I've seen the integer version $$m_n = m_{n-1} + \frac{a_n-m_{n-1}}{n}.$$ But how do I calculate it where there are amounts, which is $$A=[3, 5, 4]$$ and the corresponding quantities $$Q=[1.5, 2.5, 1]$$ Below version doesn't work, I'm doing it like this $$m_{1.5}=0+\frac{3-0}{1.5}=2$$ $$m_{4}=2+\frac{5-2}{4}=2.75$$ Which is wrong $m_4$ should have been $$\frac{3+5}{1.5+2.5}=2$$
In this case, do I calculate the average incrementally in correct way?
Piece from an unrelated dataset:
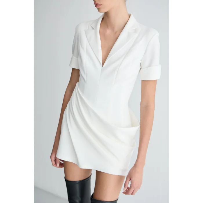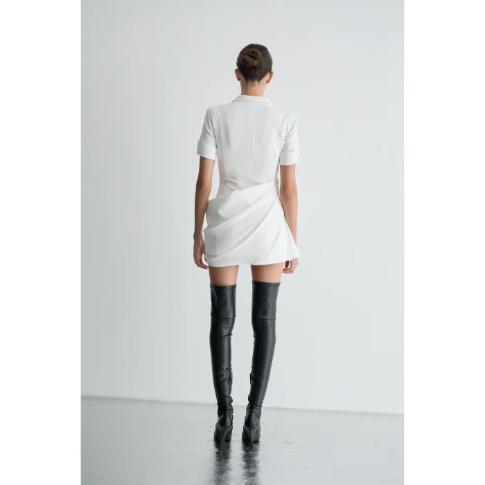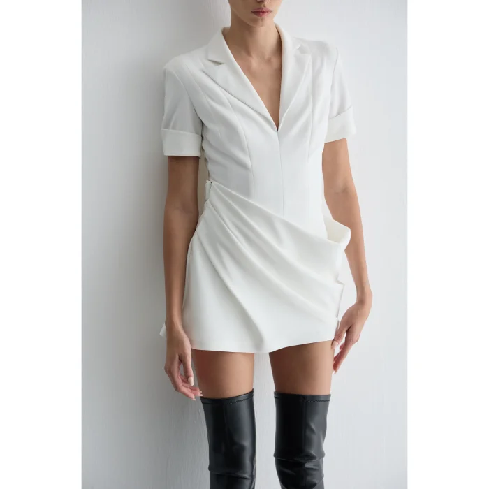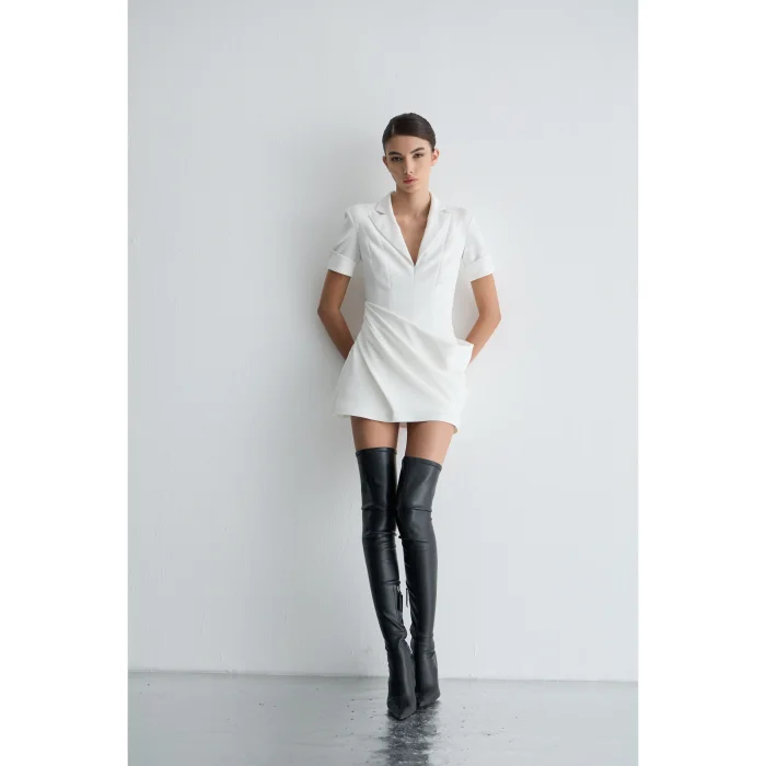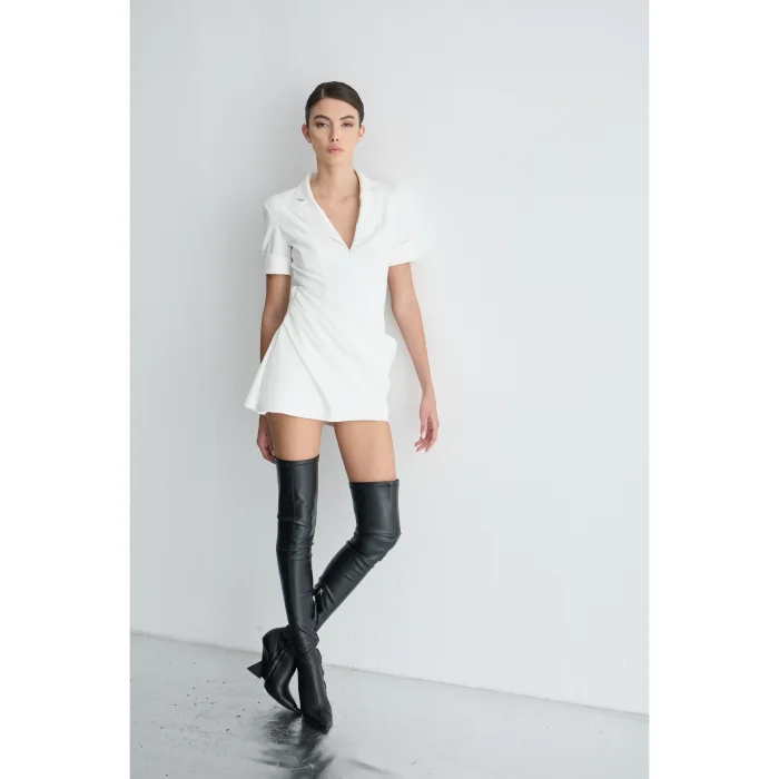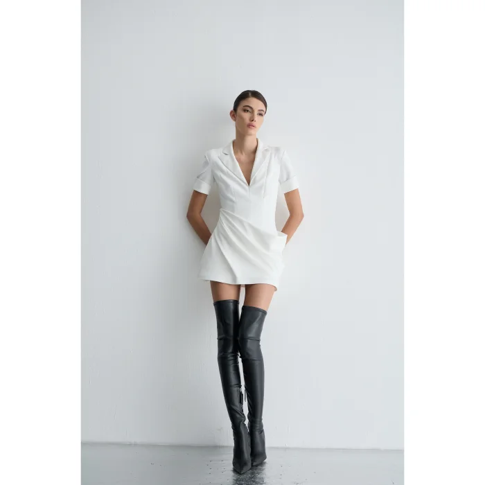 With its polo neck form and the timeless clarity of white, this dress reflects minimalism at its most elegant.
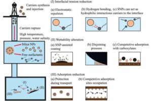 وثانيًا، انخفاض التوتر عند السطح الفاصل بين الماء والنفط. وثالثًا، زيادة قابلية ترطيب الصخور الكربونية بالماء، مما يُسهّل إزاحة الماء للنفط. وفي جميع هذه الجوانب الثلاثة، عززت جزيئات السيليكا النانوية تأثير مادة خفض التوتر السطحي.

Example for clarification First I bought 1.5kg apple for 3 dollars, then 2.5kg for 5 dollars, then 1kg for 4 dollars. I need to calculate the average price per kg of apple incrementally
Please read the comments below
Well, it's quite easy: let $a_i$ be the prices and $q_i$ the respective quantities. Let $A_n = a_1 +a_2 + \cdots a_n$ , $Q_n = q_1 +q_2 + \cdots q_n$
Then the average price is
$$M_n = \frac{A_n}{Q_n}=\frac{A_{n-1}+a_n}{Q_{n-1}+q_n}=\frac{Q_{n-1} M_{n-1} +a_n }{Q_{n-1}+q_n}$$
You cannot obtain the recursion in terms of $M_{n-1}$ (and $n$) alone, you need to store $Q_{n-1}$ (instead of $n$; indeed, you can think of it as a "effective" $n$).
In the particular case in which $q_n=k$ (constant), then $Q_n= n k$ and
$$M_n= \frac{ (n-1) k M_{n-1} +a_n}{k n}=M_{k-1} + \frac{a_n/k-M_{n-1}}{ n}$$